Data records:
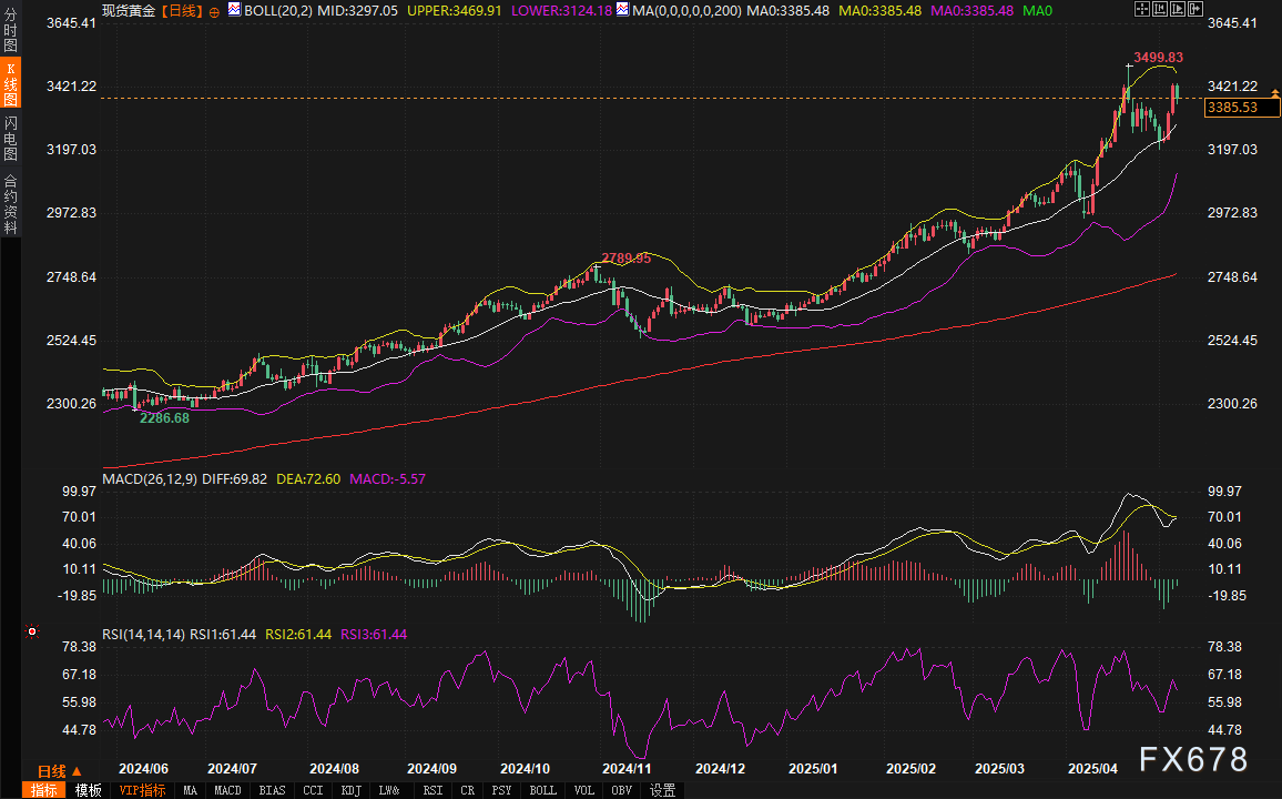 尽管如此,黄金的避险属性在当前不确定性中仍具吸引力。高盛首席经济学家Jan Hatzius指出:“软数据(如企业调研与新闻不确定性指数)已跌至疫情初期水平,远超典型事件驱动型衰退,反映市场对政策冲击的担忧。”这种“丑陋”的市场情绪为黄金提供了支撑,尤其是在美元指数未突破200日均线104.3585、动能偏弱的情况下。黄金若能守住布林带中轨3297.03,或在决议后因避险需求回升而挑战上轨3469.82。
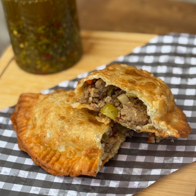 Deliciosa empanada GIGANTE rellena de guisado de carne con aceituna, pimiento rojo, huevo, cebolla y especias.
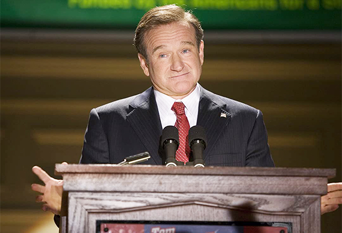 Tom Dobbs (Robin WIlliams) on a podium.
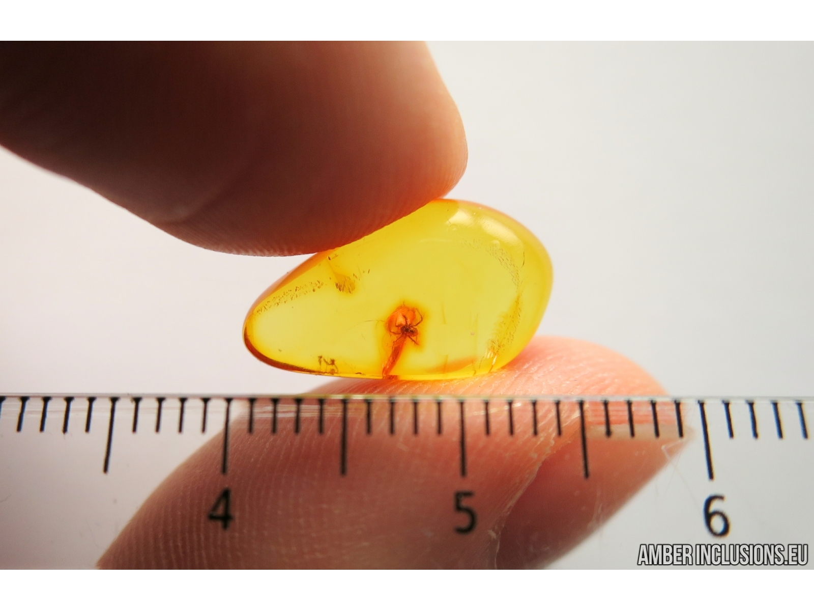 It weighs 0.3 g. Measurements of stone 16x9x3mm, length of mite ~1.2mm.
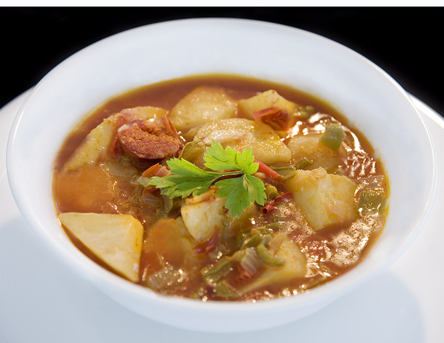 - Remojar los pimientos choriceros en agua caliente para acelerar el proceso de hidratación. Rehogar en aceite el pimiento verde, cebolla (en dados) y ajo. Añadir el pimentón, la patata rota en dados. Añadir la pulpa del pimiento choricero y cubrir con agua suficiente para cocer todo. Poner a punto de sal y dejar reposar.
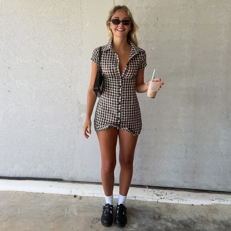 Hot Sale Women's Eco-Friendly Vintage Classic Plaid Mini Shirt Dress 100% Polyester Natural Smocked Waist Contrast Trim Button
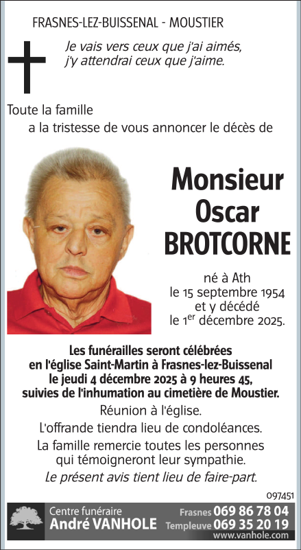 Décédé à Ath (7800) le lundi 1 décembre 2025 à l'âge de 71 ans
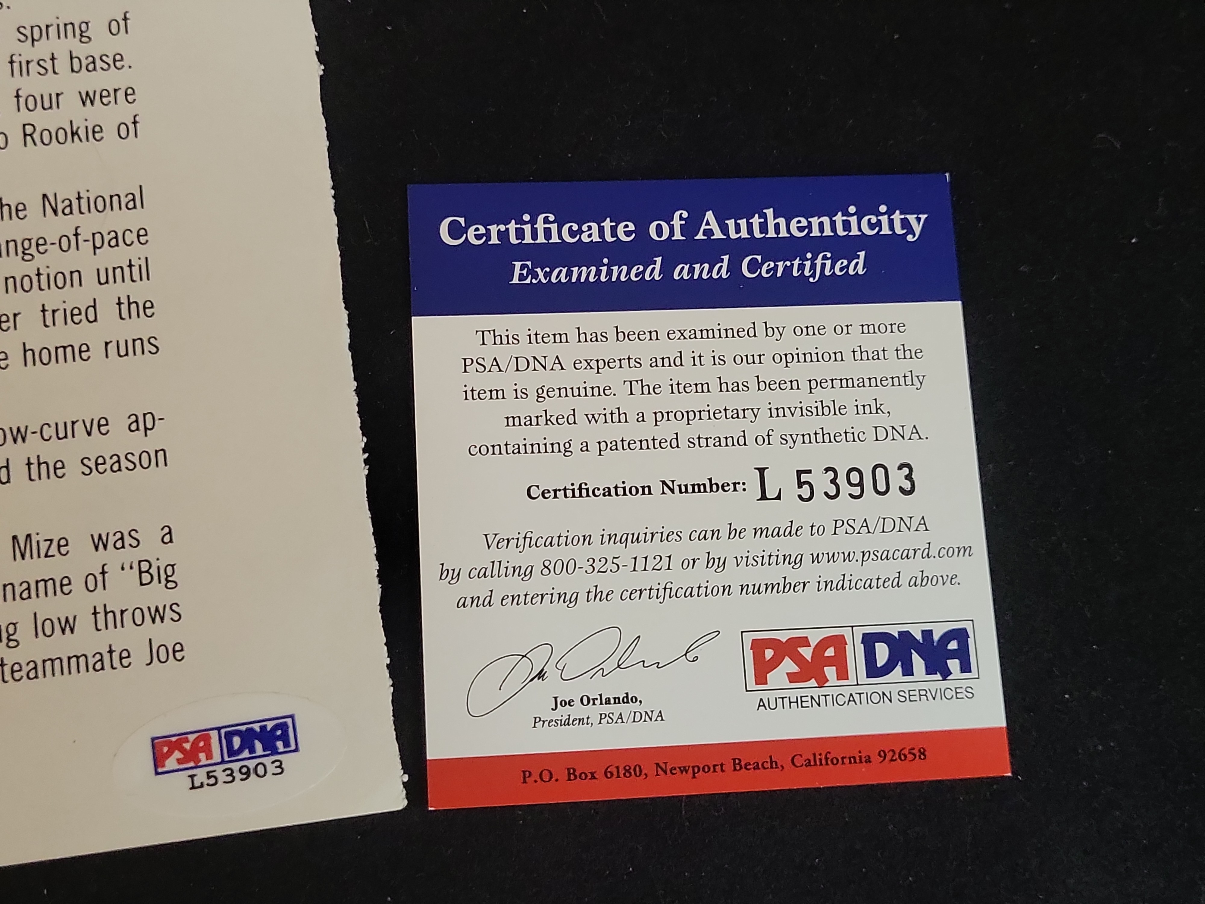 BID PER WHAT YOU SEE IN THE PHOTO, NOT THE AI GENERATED TITLES AND DESCRIPTIONS! Johnny Mize Autographed Printed Biography Page, PSA/DNA Authenticated
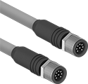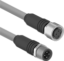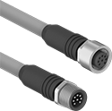 Thanks to its threads and IP rating, the M12 end is water and dust tight when mated. Poles and keyways on its face adhere to standard coding layouts, which reduces the chance of mismatching connections.
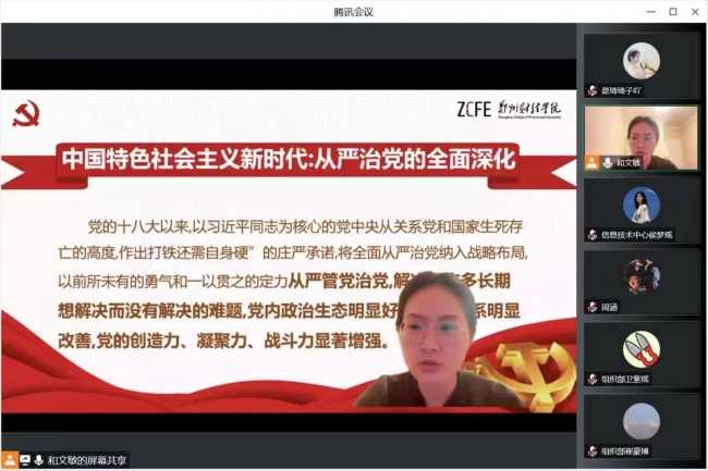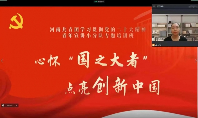 为深入学习贯彻党的二十大精神,引领青年学生对党的二十大精神学深悟透,根据《河南共青团关于组织开展学习贯彻党的二十大精神宣讲活动的通知》(豫青字2022〔31〕号)要求,经过前期线上集中培训,万象城团委副书记和文敏、学生处副处长陈方媛作为河南青年宣讲小分队成员,面向万象城学生进行党的二十大精神宣讲。宣讲活动于12月23日、12月28日通过线上形式进行,万象城学生会成员、会计学院学生代表共计80人聆听了宣讲。

> _Problem to work on_
The stretch above running from the line with "Hot Sale Women's" through the line with "Thanks to its" is all you should copy, exactly, leaving out the pictures.

> _Exercise response_
 Hot Sale Women's Eco-Friendly Vintage Classic Plaid Mini Shirt Dress 100% Polyester Natural Smocked Waist Contrast Trim Button
 Décédé à Ath (7800) le lundi 1 décembre 2025 à l'âge de 71 ans
 BID PER WHAT YOU SEE IN THE PHOTO, NOT THE AI GENERATED TITLES AND DESCRIPTIONS! Johnny Mize Autographed Printed Biography Page, PSA/DNA Authenticated
 Thanks to its threads and IP rating, the M12 end is water and dust tight when mated. Poles and keyways on its face adhere to standard coding layouts, which reduces the chance of mismatching connections.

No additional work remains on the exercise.